The ban takes effect on Monday. Subject to a baker’s dozen of common-sense exceptions, it bars non-resident entry from a dozen scenic places that are definitely not on your vacation bucket list: Afghanistan, Myanmar, Chad, the Republic of Congo, Equatorial Guinea, Eritrea, Haiti, Iran, Libya, Somalia, Sudan, and Yemen. Plus, it places limits on citizens of Burundi, Cuba, Laos, Sierra Leone, Togo, Turkmenistan, and Venezuela, who won’t be getting tourist or student visas or green cards anytime soon.
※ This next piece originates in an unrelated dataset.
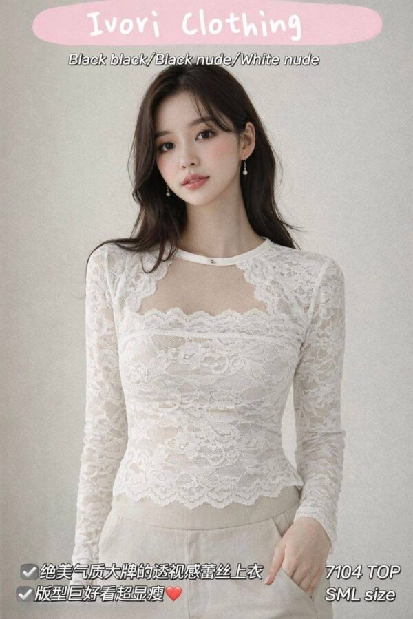 Ivori 时尚气质百搭名媛风蕾丝上衣

Why? “The latest travel ban,” the Times reported, speaking once again in third-person passive voice, “cites issues with security vetting in certain countries and says immigrants from those countries frequently overstay their visas.” And that was it. The Times promptly dropped the rationale like a hot rock, never returning to those reasons, not for context or even to dispute them. It just moved on. It doesn’t matter if it’s true! It’s still racist!
As you could easily guess, the Times’ outraged take was that it was the most racist, sexist, and homophobic thing ever in the history of Spiral Arm 26 of the Milky Way Galaxy, at least since the Trump 1.0 travel ban, which Biden reversed on his first day in office calling it a “stain on our national conscience,” a badly aging take that the Times had reminded readers of by the second paragraph. (It was a stain on something, but more likely that was Biden’s Depends.)
The Trump 1.0 travel bans were actually much more popular with the American public than media narratives ever admitted, especially when poll questions were neutrally worded. Support hovered between 48–60% depending on the question. One 2017 Politico poll reached 60% approval, settling the ban squarely among the President’s most popular policies.
And that was before Biden flung the borders open in the middle of the night looking for a bathroom. Once again, Trump has maneuvered corporate media into forcefully taking the minority position, which is bent over.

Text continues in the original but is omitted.